La fumée ça pique les yeux, chapitre 26
Ma maman, elle a les yeux tout bleus.
Tellement bleus que dedans il doit y avoir au moins le ciel et la mer, et pis aussi un autre truc comme le paradis si ça existe mais sinon je vois pas.
Ya des moments, ses yeux sont tellement et tellement bleus que tout l’éblouie. Ses pupilles sont complètement noyées dans un océan azur. Alors ma maman elle ne parle plus. Elle regarde le monde en l’inondant de bleu.

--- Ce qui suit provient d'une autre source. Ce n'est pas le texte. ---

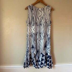 Stylish Shana sleeveless tunic dress with a blue and white pattern. Perfect for casual outings.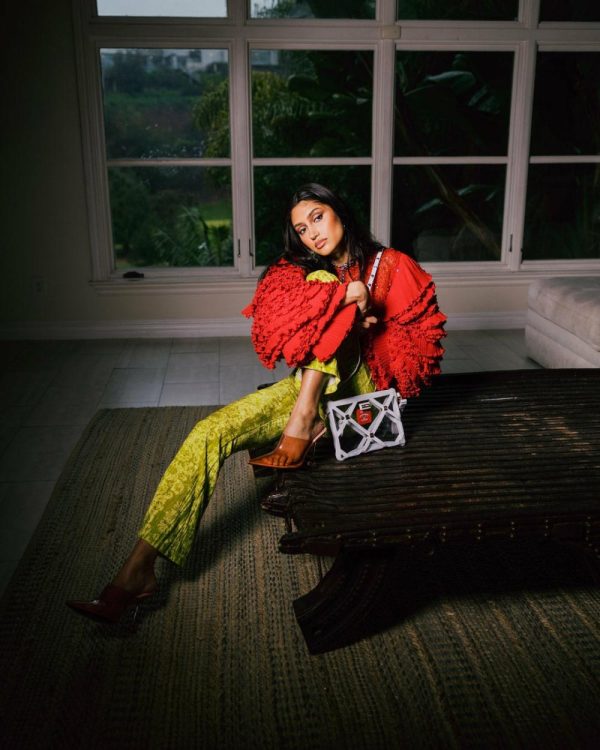 Pouch with removable wristlet strap, Handle on front panel, Zip Closure, secret stash pocket on side seam

Et pis des fois, ma maman elle a les yeux tout noirs. Il reste juste un tout petit cercle autour de ses pupilles où tout le bleu semble s’être concentré. Alors le monde entier devient noir lui aussi et il rentre dans les yeux de ma maman et ça lui fait drôlement mal. Son visage n’a plus d’expression que l’angoisse et le désespoir.
Quand ça va vraiment pas fort, ma maman elle dissimule ses yeux derrière ses petites lunettes de soleil. Elle les garde même la nuit parce qu’elle dit qu’elle veut plus jamais voir la lumière du jour, et qu’on ne sait jamais quand il va se lever, ce sale traitre.
Moi, mes yeux, ils sont marrons.
Et même quand je regarde le soleil bien en face ça me fait même pas mal.
_ » Yeux marrons, yeux d’cochon! » il m’a dit, ce sale petit blond aux yeux bleus de Lucas. Je lui ai juré que je lui en mettrait un, de marron, dans sa sale petite gueule, s’il ne la fermait pas tout de suite.
Ma maman elle dit que mon regard il est encore plus fort qu’un expresso italien, mais moi je sais bien que si j’avais eu les yeux bleus, je me serais envolé avec elle bien plus haut que les mouettes.
Mais j’ai les yeux stupidement marrons. Des yeux qui savent même pas pleurer, sauf pour le coup de hot-dogs moutarde mais ça compte pas. Sur que si j’avais eu les yeux clairs, j’aurais pas vu le monde pareil./
Natacha elle dit que j’ai les yeux de mon papa. Moi je me dis qu’en tous cas, Tonio il a les yeux aussi sombres que moi. Sûrement que c’est pour ça que c’est lui, mon papa de cœur.